How we keep your funds safe

So first and foremost, Excel Currencies is not a bank. We are what’s known as Payment Services Provider (PSP), which basically means we have the required licence to transact consumer money. We are fully authorised and regulated by the FCA and you can check that here on their website or head there yourself if you prefer - 

 

https://register.fca.org.uk/s/firm?id=0010X00004UxFm9QAF 

  

We have teamed up with the market leaders in cross-border payments technology, The Currency Cloud (also not a bank). Using TCC’s innovation, it allows us to provide simpler, faster, cheaper and more transparent payments for our customers. The Currency Cloud is an Electronic Money Institution (EMI) who are fully authorised and regulated by the FCA and you can check that here on thier website or head there yourself if you prefer - 

 

https://register.fca.org.uk/s/firm?id=001b000000m6y0WAAQ 

  

You will have no direct relationship with The Currency Cloud, they are simply providing technology that encompasses an account and transaction service. All contact, trading and payments are dealt with by Excel Currencies. When an account has been opened for you, we will send you a personal reference number and account details that will show The Currency Cloud’s name on and not mention Excel Currencies.

 

This is because you are opening an account using the TCC platform, which is controlled and regulated by Excel Currencies. In the UK this is done via Barclays Bank. The TCC platform is only accessible by regulated institutions, without us you wouldn’t be able to open an account with The Currency Cloud. 

  

So what happens if either Excel Currencies or The Currency Cloud were to no longer exist? 

In the unlikely event of this happening, customers’ money is protected through ‘safeguarding accounts’. By law, an EMI must open and hold customer funds in these accounts which are similar to that of an escrow account. They are never integrated into the companies own profit accounts.

 

If Excel Currencies fails, your funds would simply be returned by TCC. If The Currency Cloud fails, your funds would be returned by an insolvency practitioner in full. Funds are not allowed to move out of the safeguarding account without a customers’ say so. 

  

Why aren’t funds protected by the FSCS protection scheme? 

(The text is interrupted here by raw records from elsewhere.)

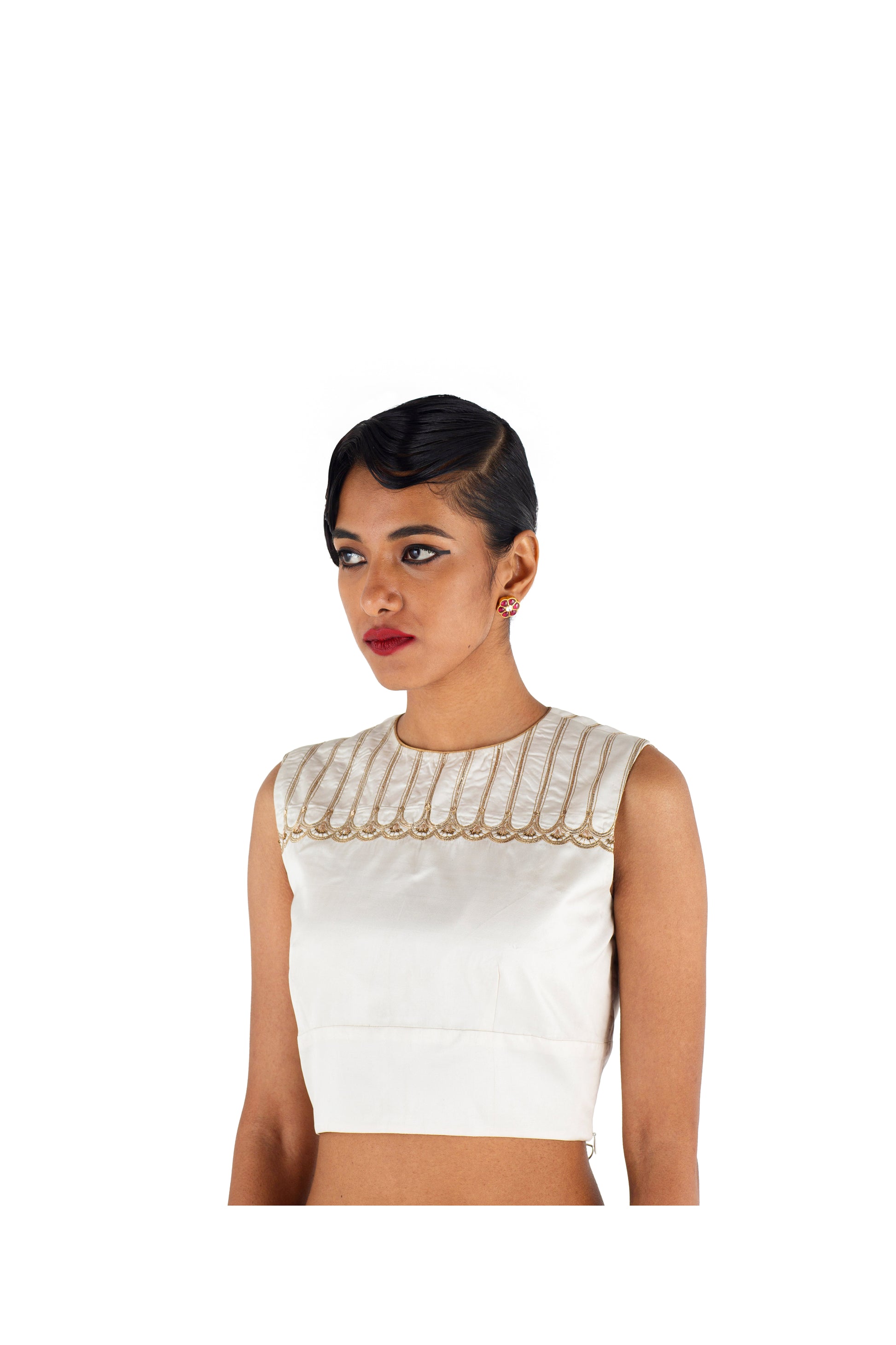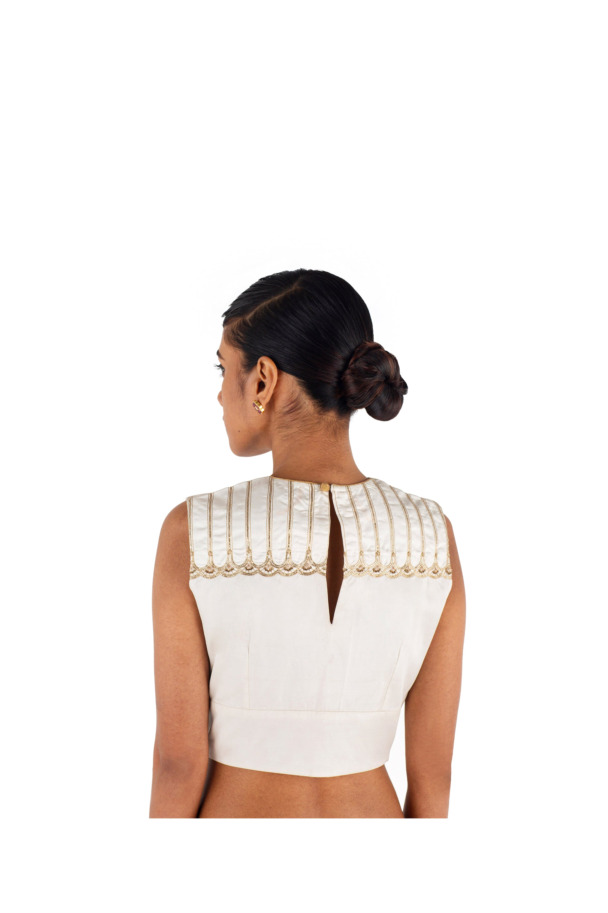 Satin silk natural sleeveless 'Artemio' blouse features gold zari embroidered palm leaf motifs that evoke those seen in Art Deco designs.
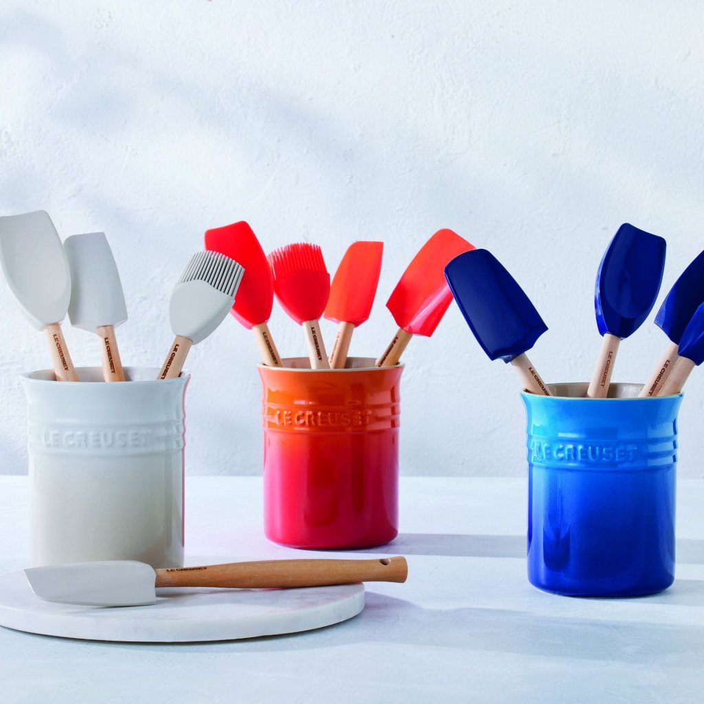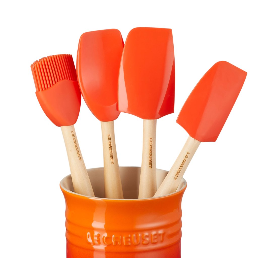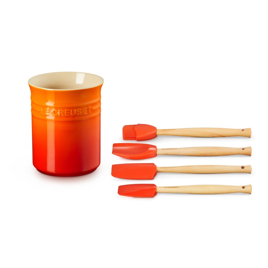 - Setul de ustensile de bucătărie Le Creuset în nuanța FLAME este un accesoriu practic și elegant pentru oricine iubește gătitul și organizarea perfectă a bucătăriei.
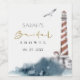 RED DUSKY BLUE LIGHTHOUSE MEER BRAUTPARTY WEINETIKETT
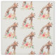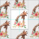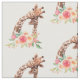 Tecido com um desenho fofo em aquarelas de uma mãe e girafa bebê. A girafa-mãe está descansando a cabeça sobre a girafa do bebê, amorosa e adorável. Bonito buquê rosa, amarelo, verde, de flor de aquarela colocado debaixo deste par de queridos.
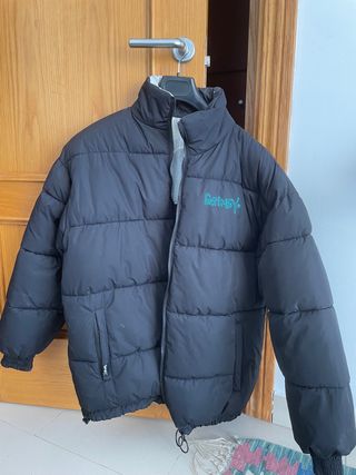 Anorak acolchado Superdry de hombre de color negro y verde oliva, Regular Fit. Talla S. Mide 65 cm de largo, 55cm de ancho de axila a axila y 45 cm de hombro a hombro. Tiene capucha ajustable, cierre de cremallera frontal, dos bolsillos laterales con cremallera y otro bolsillo en el interior. Se ha usado bastante pero esta en perfecto estado.
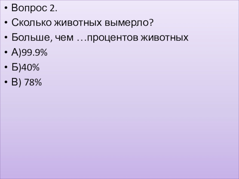 Вопрос 2.Сколько животных вымерло?Больше, чем …процентов животныхА)99.9%Б)40%В) 78%
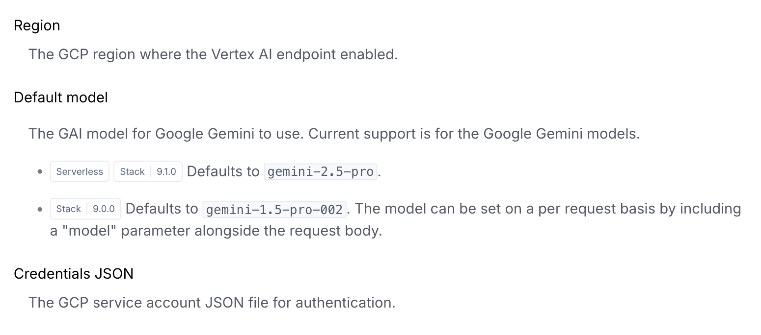 This might include labeling just one of multiple paragraphs, or one item in an ordered or unordered list. For example, on the Google Gemini Connector page, the default model is different depending on the deployment type and version of the Elastic Stack. These differences should be called out with their own applies_to badges.
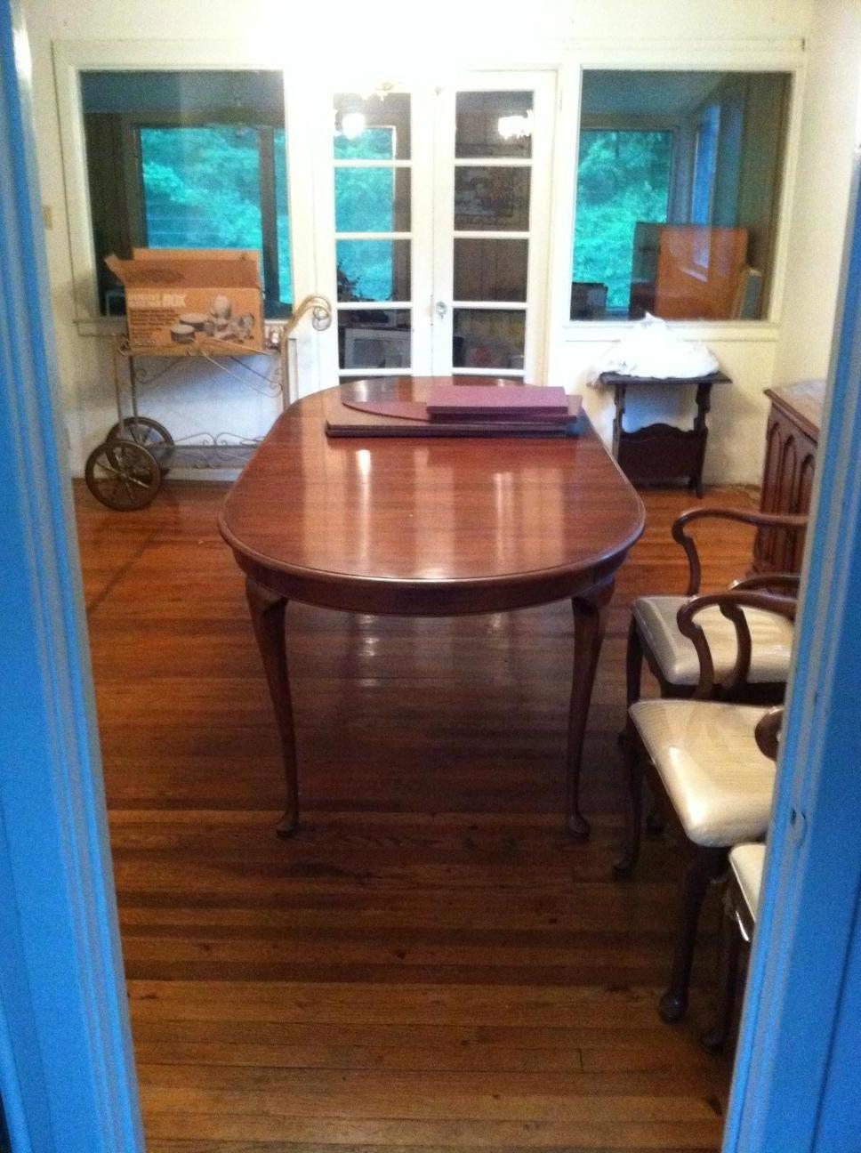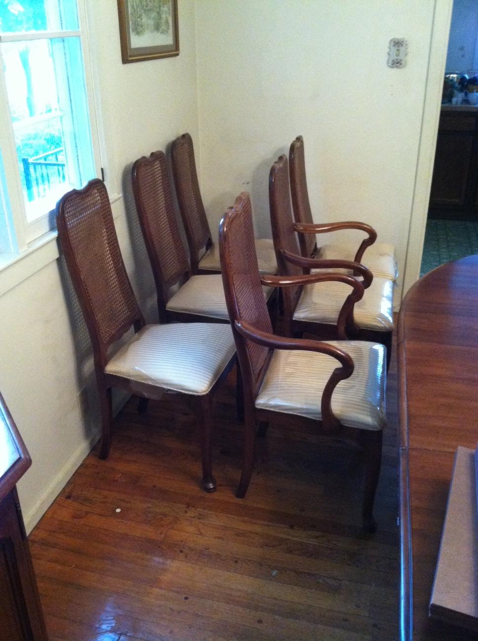 This is a 1256 oval table made by the Davis Cabinet Company with 6 chairs, including two end chairs with arms. It extends to 117 inches when all leaves are in place. It also has a custom pad to fit the entire table.
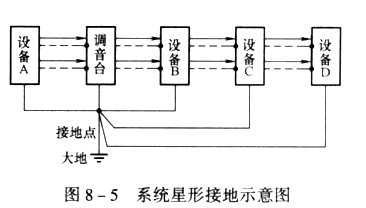 比較好的接地方式是所謂星形接地,如圖8-5所示,圖中每條屏蔽線的屏蔽層只有一端與設(shè)備的外殼相連,另一端懸空,通常以信號傳輸?shù)哪┒伺c外殼相連,每一臺設(shè)備在信號輸入端附近選一接地點(diǎn),通過銅芯導(dǎo)線集中到一點(diǎn),然后再用銅芯導(dǎo)線直接與大地相連,這根導(dǎo)線最好選截面積較大的線,以減小接地電阻。上述每一條屏蔽線只有一端接外殼的方式要求在不平衡方式連接時選用雙芯屏蔽線,其中一根芯芯線做信號熱端,另一根芯線做信號冷端,屏蔽不作為信號回路的一部分。
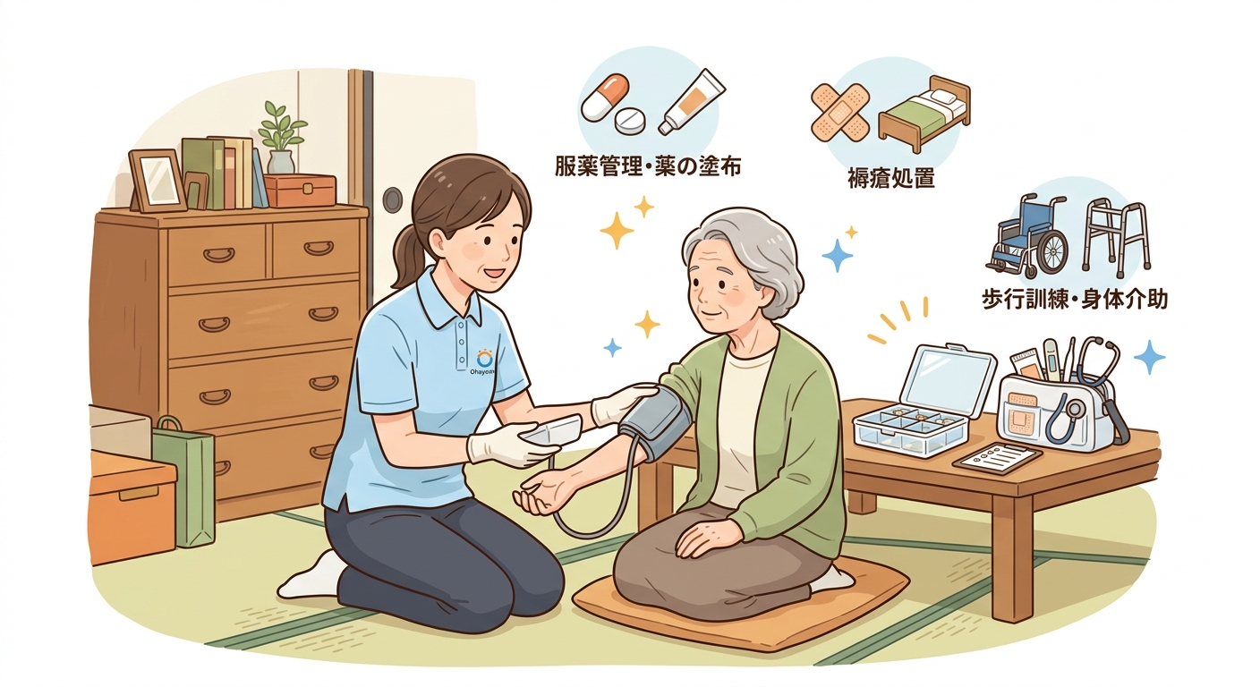 • 服薬管理・薬の塗布・湿布貼付: 飲み忘れ防止の確認や、ご自身では難しい部位への処置。
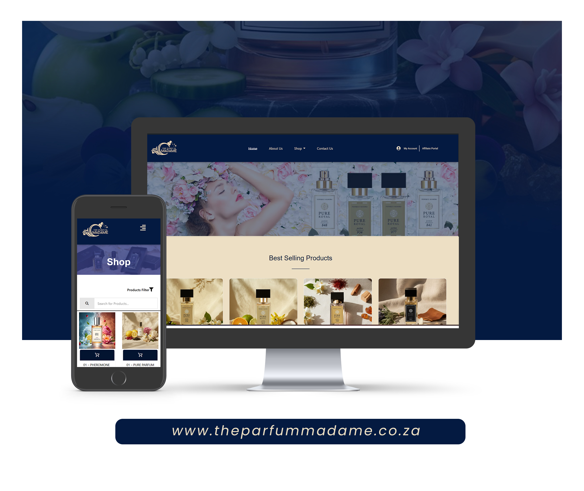 A refined e-commerce website crafted for The Parfum Madame, a premium South African perfume brand offering luxurious, high-quality fragrances for women, men, and unisex collections. The site showcases elegant product categorisation, rich visual presentation, and seamless navigation to highlight the brand’s diverse range of scents — from floral and oriental to bold, stimulating aromas — enabling customers to explore and shop fragrances with confidence.
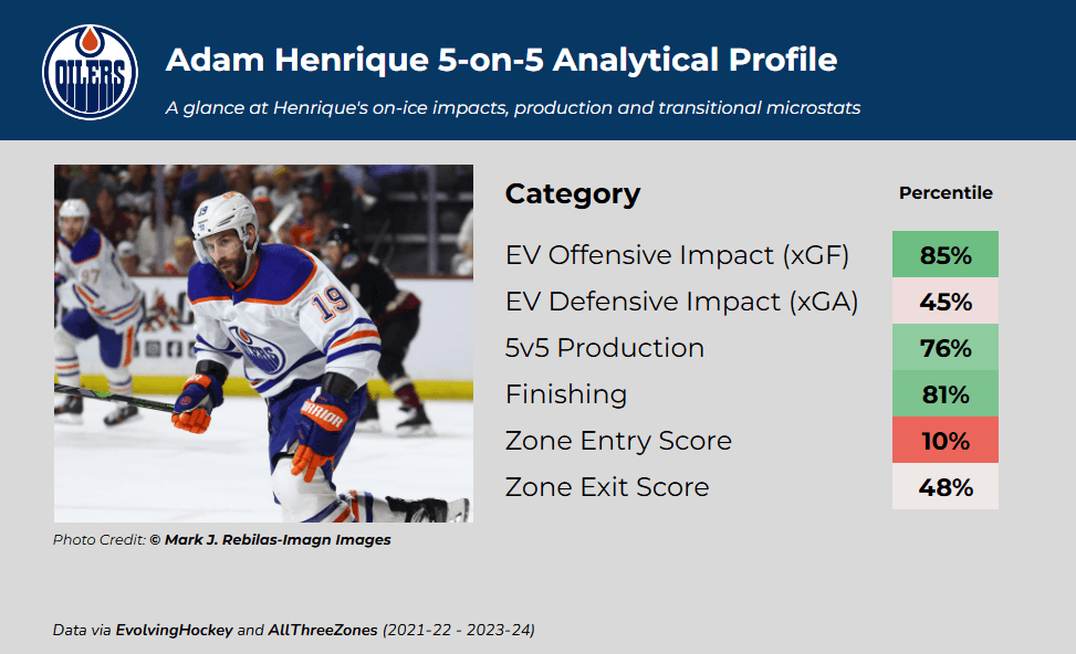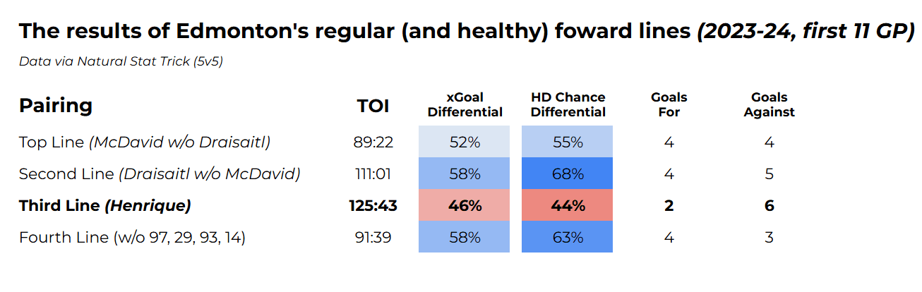 It’s also worth noting that Henrique’s underlying defensive numbers are rather unspectacular. Ryan McLeod was flawed as Edmonton’s 3C in several ways, but at the very least, he remained an excellent defensive center who could drive possession when he wasn’t scoring. The problem with Henrique right now is that when he isn’t producing goals, he’s much less useful.

FSCS protection offers customers up to £85,000 compensation when a firm or bank fails. The independent organisation is legally obliged to pay back funds whether the firm or bank actually has this money or not. Safeguarding protects 100% of the money in the account, rather than just £85,000 and all EMI’s must comply this way.  

  

Founded in 2007, The Currency Cloud process over £1 billion each month, have raised over £140 million to date from high quality investors like Google and BNP Paribas and have recently been acquired by Visa for £800 million. We have been working with TCC since 2011 and will continue to do so for many years to come.